Lancet Oncology tarafından gerçekleştirilen yeni bir araştırma, 2020’de toplam 741.300 yeni teşhis edilmiş kanser vakasının alkol tüketimiyle ilişkili olduğunun tahmin edildiğini ortaya koydu. Bu rakam, dünya çapındaki tüm kanser teşhislerinin yüzde 4,1’ini temsil ediyor ve alkol almanın kanserojen etkileri hakkında kamuyu daha fazla bilgilendirmek gerektiğini gösteriyor.
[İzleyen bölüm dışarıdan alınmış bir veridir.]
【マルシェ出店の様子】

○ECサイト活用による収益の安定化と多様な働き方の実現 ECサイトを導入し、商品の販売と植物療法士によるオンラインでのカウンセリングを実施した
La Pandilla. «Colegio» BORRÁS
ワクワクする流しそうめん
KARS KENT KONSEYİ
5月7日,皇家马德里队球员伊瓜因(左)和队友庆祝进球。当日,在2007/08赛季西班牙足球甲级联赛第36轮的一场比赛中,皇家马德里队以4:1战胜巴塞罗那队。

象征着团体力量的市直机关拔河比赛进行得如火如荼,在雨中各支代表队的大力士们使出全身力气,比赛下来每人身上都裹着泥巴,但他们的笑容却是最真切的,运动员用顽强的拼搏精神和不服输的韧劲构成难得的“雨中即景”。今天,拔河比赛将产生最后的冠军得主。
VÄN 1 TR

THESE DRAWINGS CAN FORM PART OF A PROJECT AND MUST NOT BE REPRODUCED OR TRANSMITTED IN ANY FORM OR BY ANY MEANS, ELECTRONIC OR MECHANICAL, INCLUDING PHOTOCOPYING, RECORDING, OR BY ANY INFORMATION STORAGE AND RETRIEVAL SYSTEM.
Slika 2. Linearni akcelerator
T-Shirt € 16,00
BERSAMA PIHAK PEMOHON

Düzenli alkol almanın, karaciğer, meme, kolon ve ağız kanserleri gibi alkol tüketimiyle iyi kurulmuş nedensel bağlantılara sahip olan belirli kanser türlerinin gelişimine katkıda bulunduğu düşünülüyor. Bu, büyük ölçüde etanolün kanserojen bir metaboliti olan asetaldehitin DNA’ya ve diğer hücresel bileşenlere zarar veren etkilerinden kaynaklanıyor. Alkol, östrojenler ve androjenler gibi hormonların düzenlenmesini de bozabilirken, etanol, sigarada bulunanlar gibi diğer kanserojen kimyasallar için bir çözücü olarak rol oynayabiliyor.
Alkol kullanımının kanser gelişimi üzerindeki etkisini hesaplamak için, çalışma yazarları 2010 yılında dünyanın her ülkesinde alkol üretimi, satışı ve tüketimi ile ilgili veriler elde etti. Araştırmacılara göre, “alkol alımı ve kanser teşhisi arasında on yıllık bir gecikme süresi bekleniyor“, yani 2020’de teşhis edilen kanserlerin on yıl öncesine ait alkol içme istatistikleriyle bağlantılı olması muhtemel.
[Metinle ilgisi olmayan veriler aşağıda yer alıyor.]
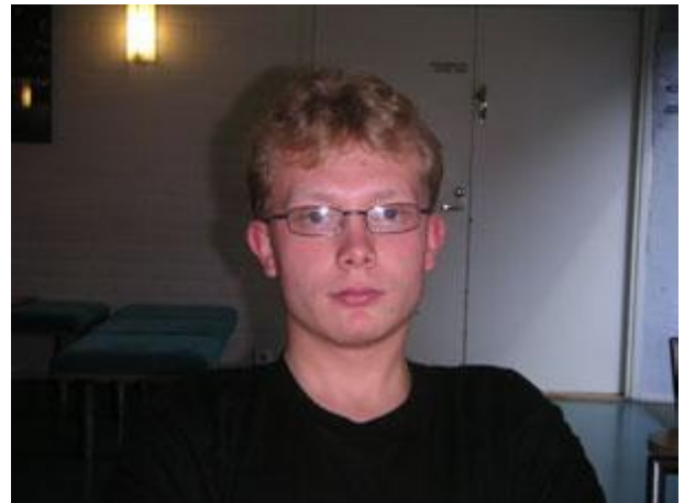
TYÖ HALLITUKSESSA: Yleinen härvääjä TUNNUSTA NOLOIN PITÄMÄSI ARTISTI/BÄNDI: Madonnan uusien abba kopio
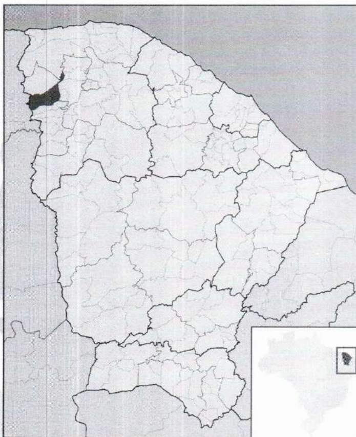
Figura 1 – Mapa de localização do município de Tianguá

O município de Tianguá, situa-se na Região Centro do Estado do Ceará, limitando-se ao Norte com os Municípios: Moraújo, Granja e Viçosa do Ceará; Sul: Ubajara; Leste: Ubajara, Frecheirinha, Coreaú e Moraújo e a Oeste: Viçosa do Ceará e Estado do Piauí (Figura 1). Além do distrito Sede, Tianguá conta ainda com os distritos de Arapá, Caratuai, Pintoguabá, Tabainha, Itaguaruna, Bela Vista e Acarape.
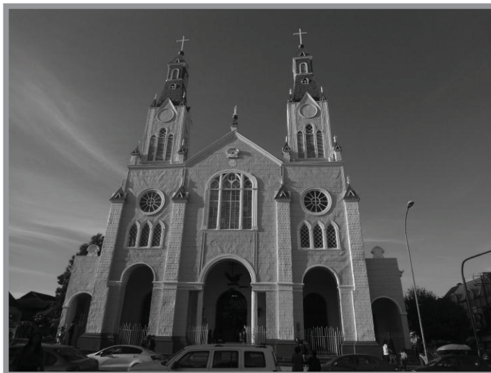
Imagen n.º 2: Iglesia de Castro, Patrimonio de la Humanidad. Las iglesias de Chiloé son un icono de la arquitectura insular, que han sido considera únicas por su estilo de construcción y materiales.

El caso más significativo es la relevancia que han adquirido las casas palafíticas, que en los años 80 quisieron ser erradicadas, desapareciendo el barrio Pedro Aguirre Cerda, pero que en la actualidad son un bien preciado para la actividad turística y se consolidan como áreas de servicios turísticos.

Araştırmacılar bu verileri kullanarak, her ülkede kişi başına alkol alımı için bir tahmin oluşturdular ve daha sonra 2020’deki küresel kanser vakalarıyla çapraz referans yaptılar. Bunu yaparken, ağır içki tüketiminin (günde altıdan fazla alkol içeren içecek) 2020’de 346.400 kanser teşhisiyle bağlantılı olduğunu ortaya çıkardılar. Bu rakam, geçen yıl alkolle ilişkili tüm kanser vakalarının yüzde 47’sini oluşturuyor.